───── AVAILABLE DATA ─────

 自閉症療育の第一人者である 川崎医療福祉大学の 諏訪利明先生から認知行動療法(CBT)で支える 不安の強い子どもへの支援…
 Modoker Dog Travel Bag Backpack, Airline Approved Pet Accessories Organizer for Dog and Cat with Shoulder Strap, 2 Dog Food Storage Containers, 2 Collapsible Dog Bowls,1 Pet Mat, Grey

─────
───── AVAILABLE DATA ─────

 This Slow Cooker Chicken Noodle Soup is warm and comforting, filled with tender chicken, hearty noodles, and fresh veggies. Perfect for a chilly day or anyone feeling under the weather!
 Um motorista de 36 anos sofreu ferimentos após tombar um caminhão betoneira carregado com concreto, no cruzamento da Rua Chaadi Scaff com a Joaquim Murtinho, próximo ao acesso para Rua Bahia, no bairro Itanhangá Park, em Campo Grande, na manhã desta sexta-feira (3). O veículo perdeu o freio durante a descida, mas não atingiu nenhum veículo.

─────

■ EXERCISE REQUIREMENTS
Search the entries above for the word "with" and copy each line where it appears.

■ RESPONSE TO THE EXERCISE
 Modoker Dog Travel Bag Backpack, Airline Approved Pet Accessories Organizer for Dog and Cat with Shoulder Strap, 2 Dog Food Storage Containers, 2 Collapsible Dog Bowls,1 Pet Mat, Grey
 This Slow Cooker Chicken Noodle Soup is warm and comforting, filled with tender chicken, hearty noodles, and fresh veggies. Perfect for a chilly day or anyone feeling under the weather!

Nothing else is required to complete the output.